# TiVoWEB have I missed the point?



## TTL32 (Aug 11, 2006)

OK, so I telnetted into my TiVo, installed TiVo Web Project - TCL v1.9.4 - and now I can see a menu system on a web browser pointed at the TiVo address. 

But so what? It does not seem to do anyting very interesting. I can see lots of log files and browse the MFS file system. The former are quite dull and the latter gives some programme information but only after you have drilled down though four layers . The top level directory entries are full of "1:13382:68398:3079759	tyDb	3079759	08/22/06 20:30 720" or some such - hardly useful. 

I'm sure that I must be missing something but I had, perhaps nievely, thought that TiVoWEB would alow me to connect to my TiVo from the office, review recorded shows, delete if necessary and browse the EPG to set new shows to record, in English not machine code. Am I doing something wrong?


----------



## Olly (Sep 29, 2001)

TTL32 said:


> Am I doing something wrong?


I don't see how. Have you explored the "User interface" in the main menu? All that you seek is there.

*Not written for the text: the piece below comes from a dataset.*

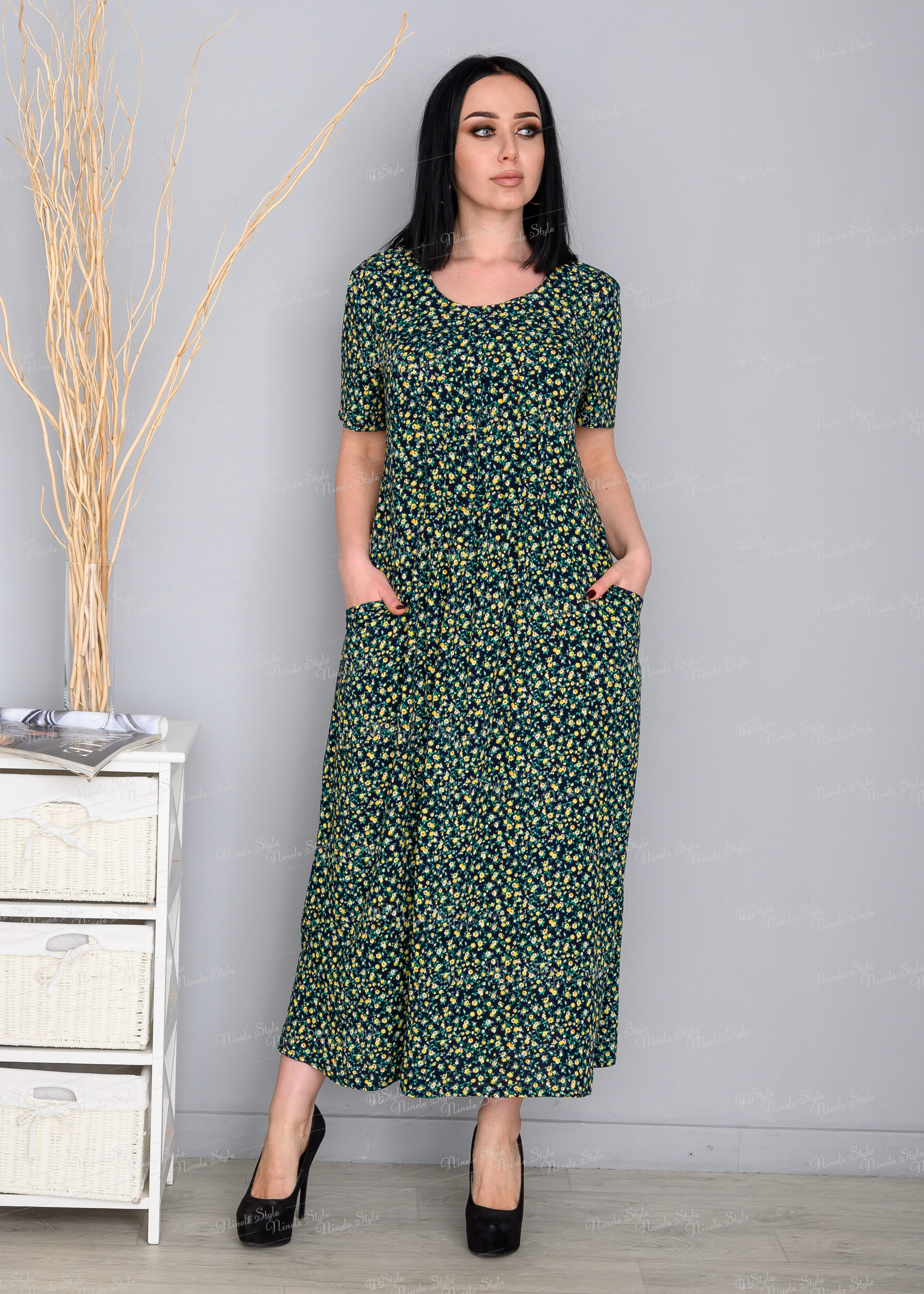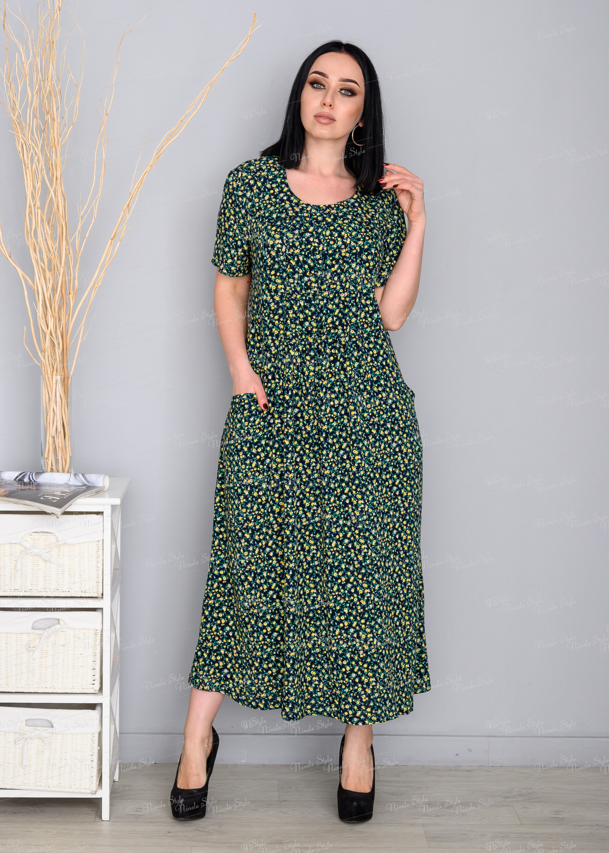 Сукня жіноча призначена для повсякденного носіння. Сукня розширена донизу,довга. Перед з відрізною кокеткою, з відрізними бочками. Центральна частина переда з 8-ма декоративними складками. У швах з'єднання бочків з центральною частиною переда оброблені кишені. Спинка із середнім швом.Горловина кругла, обтічна. Рукав втачний, короткий, одношовний.

I even managed to impress the wife when she inadvertently deleted a recording and I reinstated it within seconds using Tivoweb.


----------



## TTL32 (Aug 11, 2006)

Hmm, my main menu has the following items:

Info
Logos
Logs
Mail
MFS
Phone
Resource Editor
Search
Theme
Web Remote
Restart

No mention of a "User Interface" option.


----------



## Chris T (Oct 30, 2002)

In that case you are missing the point of Tivo Web, a full restart of Tivo Web may help.


----------



## cwaring (Feb 12, 2002)

Just FYI, your Main Menu should look something like this: 


Of course, I do have some extra modules that aren't included in the basic package. Doesn't everyone?


----------



## 6022tivo (Oct 29, 2002)

find the UI.ITCL for the UK tivo. THius wil allow you to do loads. Also have a look around the site fopr added modules for tivoweb.

Viewing programs from the tivo is possible, but tivoweb is not the way to do it. google deal data base and have a look. Streaming is not aloud to be talked about on here, you will have Mr Bott on your back. And if you look at his pic, you would not want that.


----------



## TTL32 (Aug 11, 2006)

I've restarted the TiVo, stopped and restarted TiVoWEB and I still get the following menu:










I downloaded TiVoweb from http://tivo.lightn.org/ and followed the README instructions to install.


----------



## Benedict (Jun 8, 2002)

As 6022tivo has said you need the replacemement UK specific ui.itcl file.

You can find the file (in Part 1) and the details of what to do with it (in Part 3) on Steve Conrad's excellent site....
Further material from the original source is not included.